Paul Wendkos – Obituary

Brotherhood of the Bell
BROTHERHOOD OF THE BELL: (l to r) Paul Wendkos, actor Glenn Ford, writer-producer David Karp

Director Paul Wendkos, who helmed several stylish made-for-television horror movies, died on Thursday from a lung infection, at the age of 84. The Reuters obituary being reprinted at various outlets (including ABC News) identifies Wendkos as the director of GIDGET (1959), starring Sandra Dee, but barely mentions his fine genre work.
Back in the late 1960s and early 1970s,  Wendkos’ television work was notable for its stylization. At a time when the made-for-television film was in its infancy, most examples of the form utilized a point-and-shoot approach to camerawork, with little effort made to use the visual medium to full potential. Wendkos’s tele-films looked more like features, using unusual camera angles and low-key lighting to good effect. His genre credits include:

  • FEAR NO EVIL (1969): a pilot that never went to series, starring  Louis Jourdan as a paranormal investigator. Co-starring Lynda Day George, Carroll O’Connor and Bradford Dillman, the film scripted by Richard Alan Simmons based on a story by Guy Endore (The Werewolf of Paris).
  • THE BROTHERHOOD OF THE BELL (1970), a made-for-television movie with Glenn Ford as a man called upon to perform a service for the satanic society that helped him become a success
  • THE MEPHISTO WALTZ (1971), a feature film with Alan Alda, Jacqueline Bisset and Bradford Dillman, about a young pianist whose body is possessed by that of his dying mentor.
  • HAUNTS OF THE VERY RICH (1972), a TV movie with Lloyd Bridges, Cloris Leachman, Ed Asner and Anne Francis as millionaires who arrive on a lonely island after escaping a close brush with death – or did they?
  • THE LEGEND OF LIZZY BORDERN (1975), a televsion dramatization of the  infamous murder, depicting the title character (Elizabeth Montgomery0 as the murderer (although she was in fact acquitted in real life), with Fionnula Flanagan (THE OTHERS) in a supporting role.
  • GOOD AGAINST EVIL (1977), a disappointing rip-off of THE EXORCIST, penned by the once-talented Jimmy Sangster (CURSE OF FRANKENSTEIN), starring Dack Rambo, Elyssa Davalos, Richard Lynch and Dan O’Herlihy – apparently intended as a pilot for a series.
  • THE BAD SEED (1985), a television remake of the familiar classic, with Blair Brown, Lynn Redgrave, and David Carradine.
  • FROM THE DEAD OF NIGHT (1989), andother spooky TV movie, this time with Lindsay Wagner (THE BIONIC WOMAN) and Bruce Boxleitner (BABYLON 5).

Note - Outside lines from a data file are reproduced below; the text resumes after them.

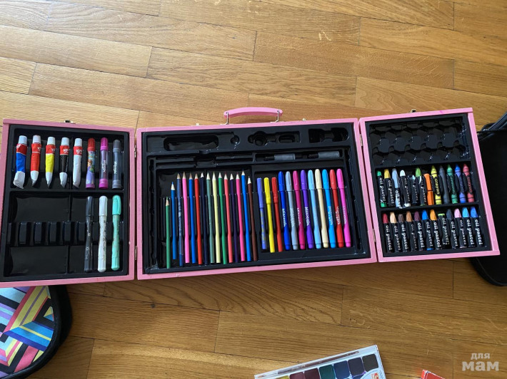 Все,что необходимо для развития маленького человека). Удобный размер магнитой доски-идеально для путешествия и для дома. Деревянные элементы яркие из натурального дерева! Отдельно покупали магнитную азбуку русскую,английскую и цыфры. Прекрасное состояние набора.
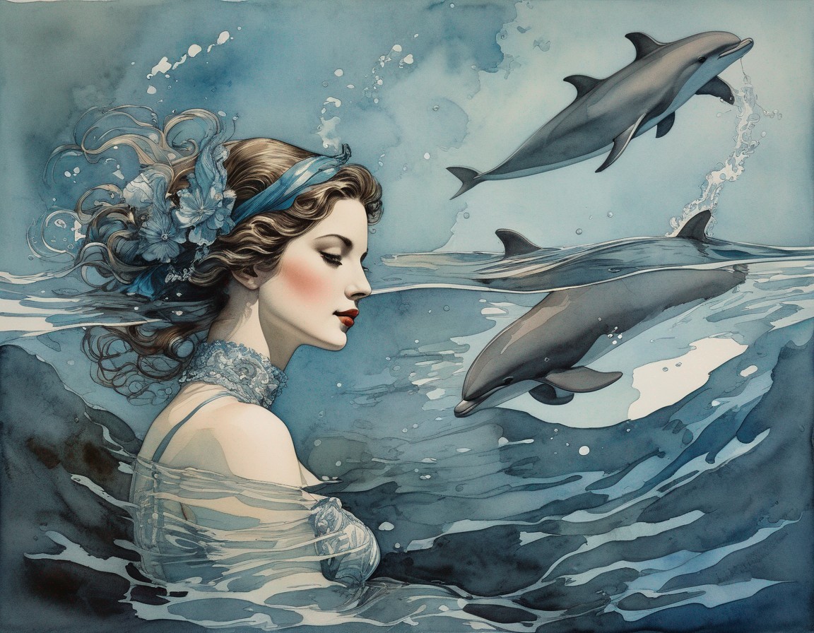 soft watercolor extra water in Art Deco by Annigoni, Egon Schiele, Milo Manara, Botticelli, Catrin Welz-Stein, Jean Metzinger, Klimt, perfect eyes, perfect handsface, highly detailed, complementary colors, hyper detailed. Watercolor and ink splatter, dynamic pose, dark blue background, unreal engine, greg rutkowski, loish, rhads, beeple, makoto shinkai and lois van baarle, ilya kuvshinov, rossdraws, tom bagshaw, alphonse mucha, global illumination, detailed and intricate environment
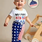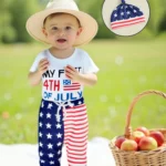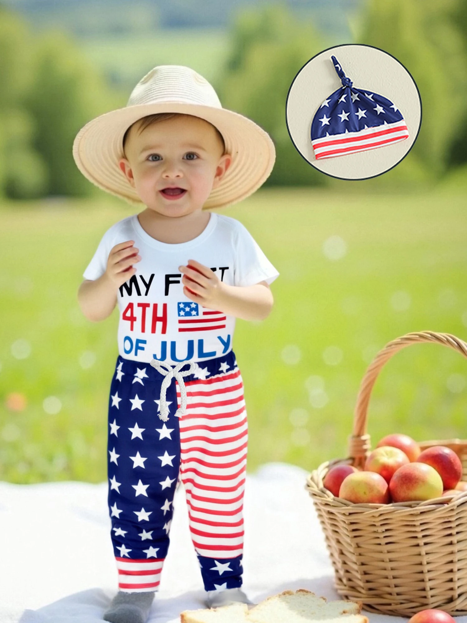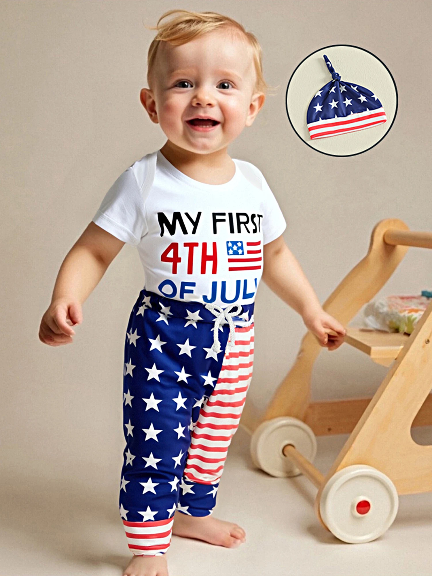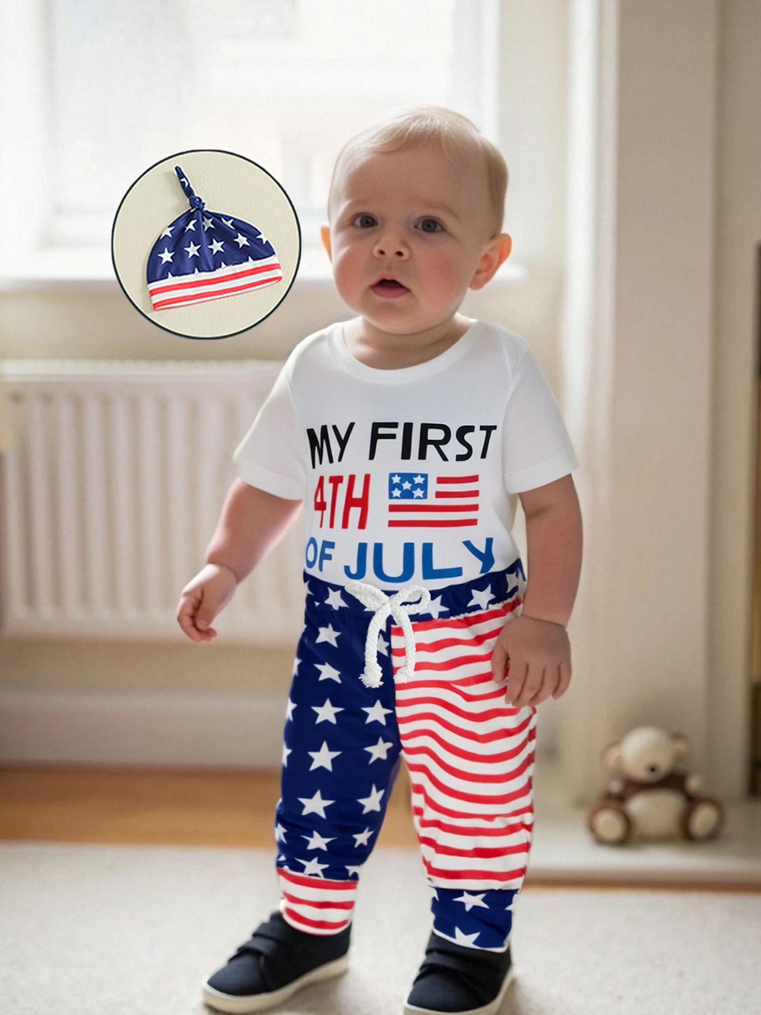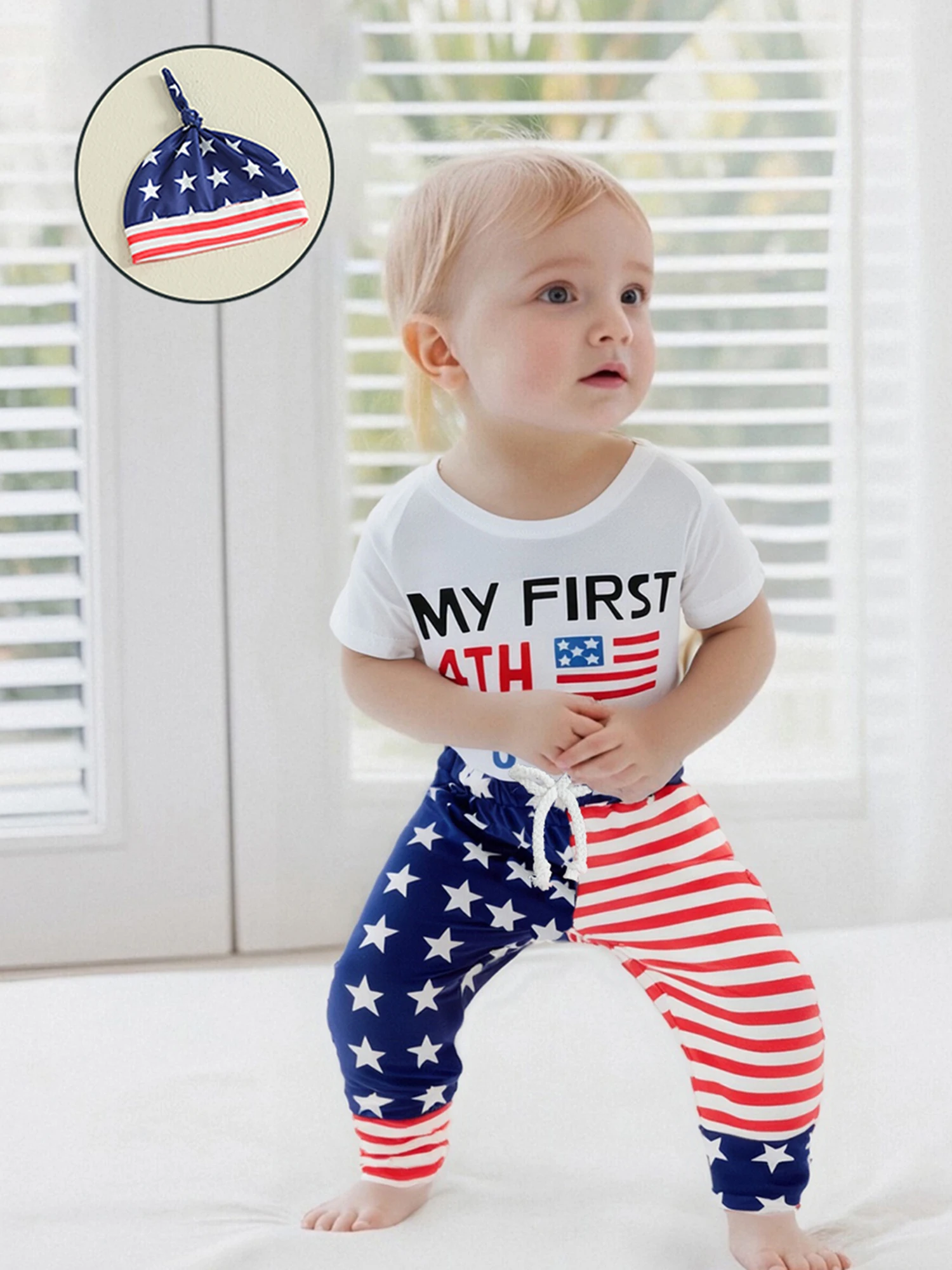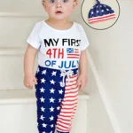 Baby Boys Independence Day Outfits Letter Print Short Sleeve Rompers Star Stripe Print Long Pants Hat 3Pcs Clothes Set
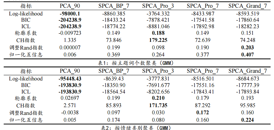 When clustering keywords, SPCA_Pro_3 achieves the highest silhouette coefficient of 0.188, indicating a clear clustering structure. SPCA_Pro_3 achieved the highest CH index (the ratio of within-class variance to between-class variance) at 179.225, indicating strong clustering results. A higher adjusted Rand index is preferred, as it measures the consistency between clustering results and the true classifications. SPCA_Pro_7 achieved the highest Rand index at 0.203, and SPCA_Grand_7 achieved the highest NMI at 0.407, indicating relatively consistent classification information in their clustering results. When targeting emotion classification, similar results were achieved, with the exception of SPCA_Pro_3, which achieved the highest Rand index at 0.197.
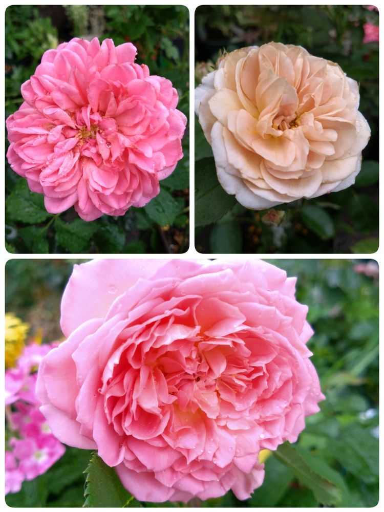 ⑤挿し木から初開花の子🌹パニエ、プリンセスアレキサンドラオブケントは名札ありだからわかるけど、下のは?なんだかジュビリーっぽい……だといいな😊💕
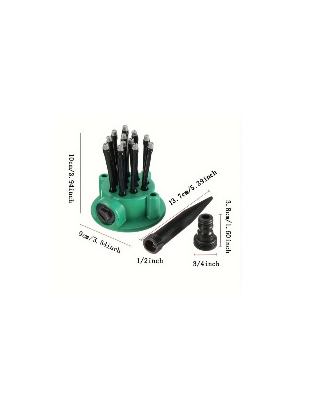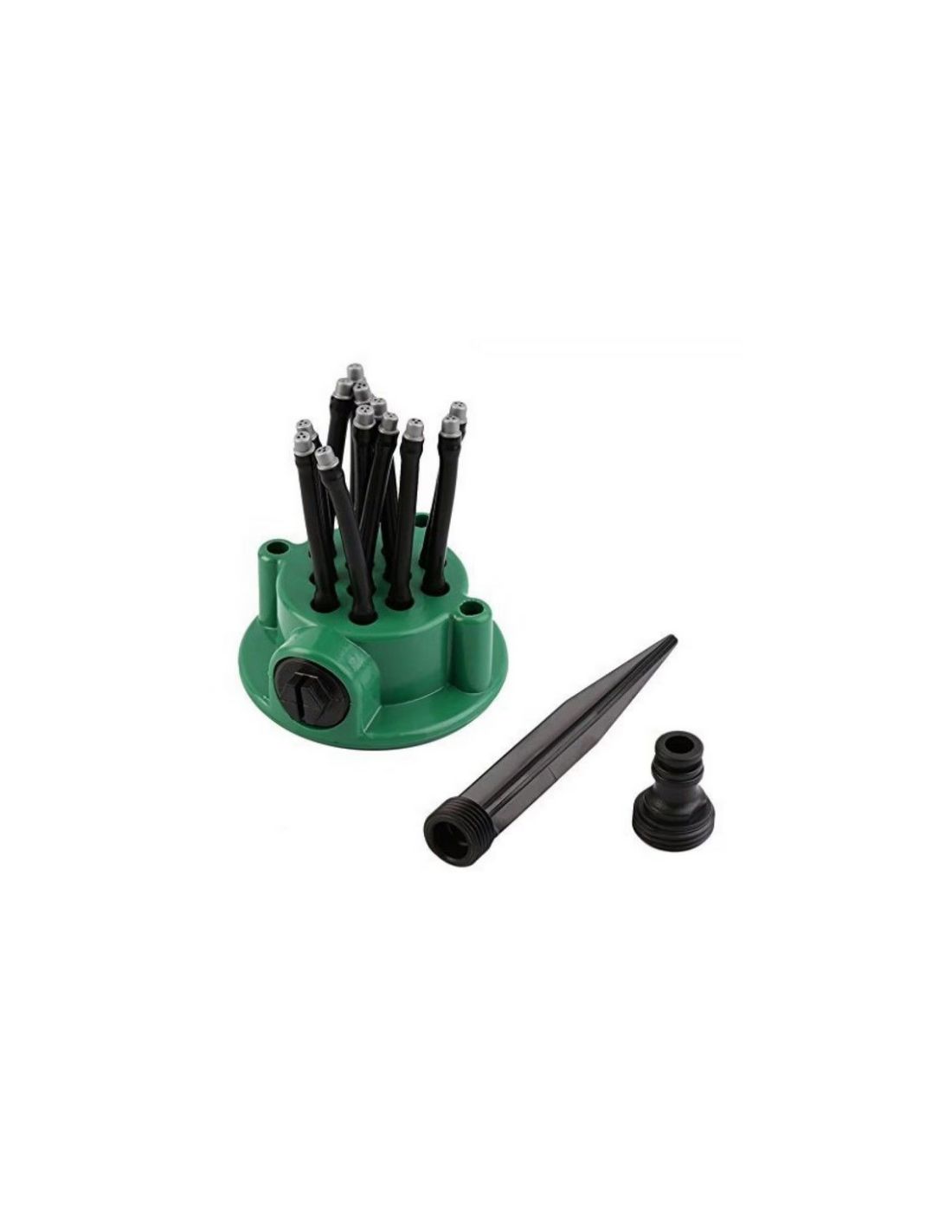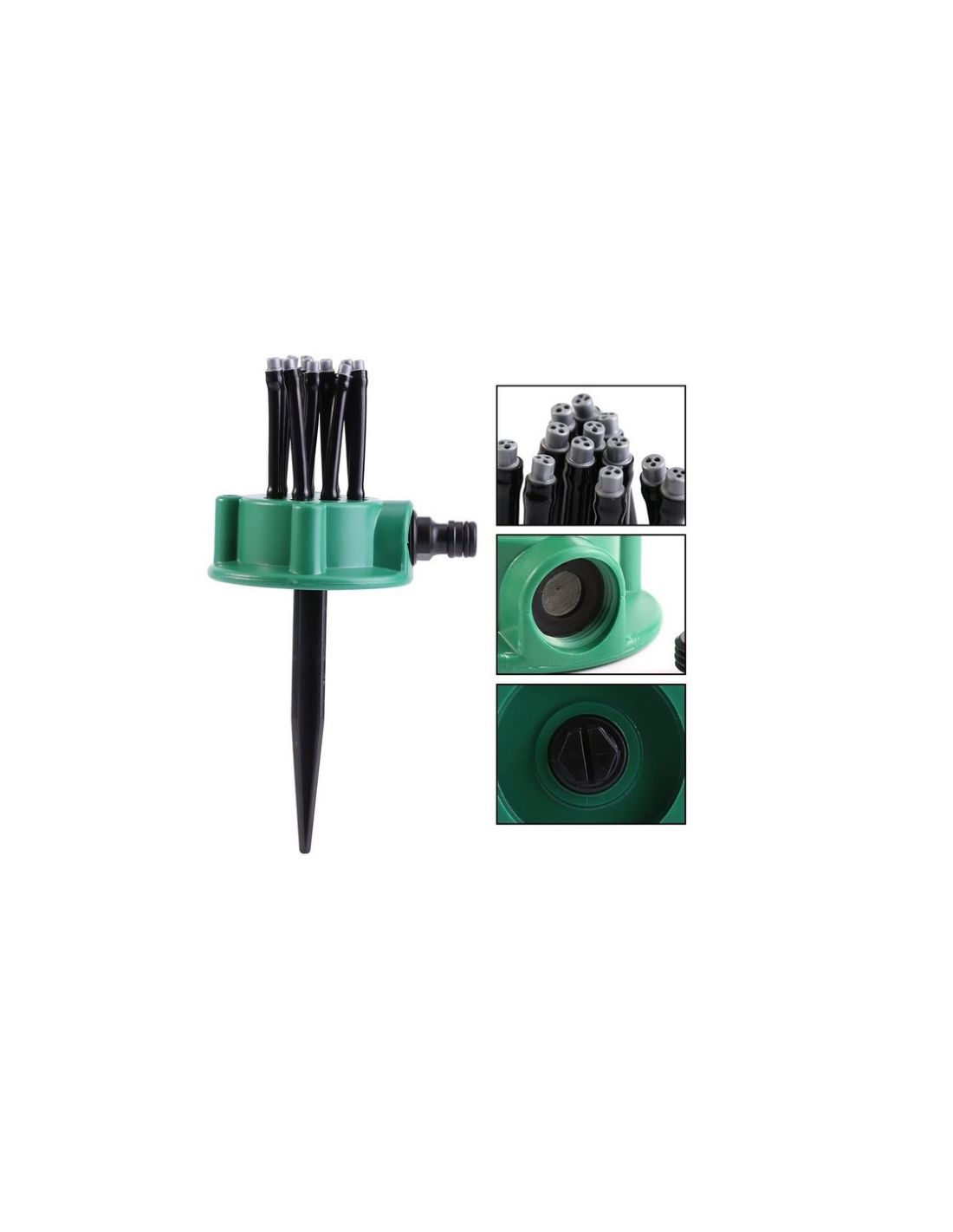 Aspensor gradina 360 grade, prevazut cu 12 furtuniri flexibile. Fiecare furtun are 3 orificii, acestea pot dispersa apa pana la 360 grade.

Wendkos also directed episodes of THE INVADERS and THE WILD, WILD WEST.
Wendkos was the subject of an extensive interview in the Spring 1972 issue of Cinefantastique (Volume 2, Number 1). Of working in the fantastic genre, he said:

Since my whole approach to art is to create for an audience a shared experience, and to illustrate a little bit of knowledge about themselves, in dealing with bizarre, semi-occult material, I don’t have that satisfaction of being able to deal within the normal range of human experience. I’m dealing with a trick, an entertainment, and that’s all it can be. I can’t pull an audience outside its range of experience if they’re already skeptical. It’s a very serious problem, how to make that kind of material touch everybody in a meaningful way. I could reach them in some primeval, atavistic way, but I don’t think anybody knows how to tap it. In the final analysis, that genre must be entertainment, pure and simple, some kind of titillation to life you out of your own, narrow experimental limitations.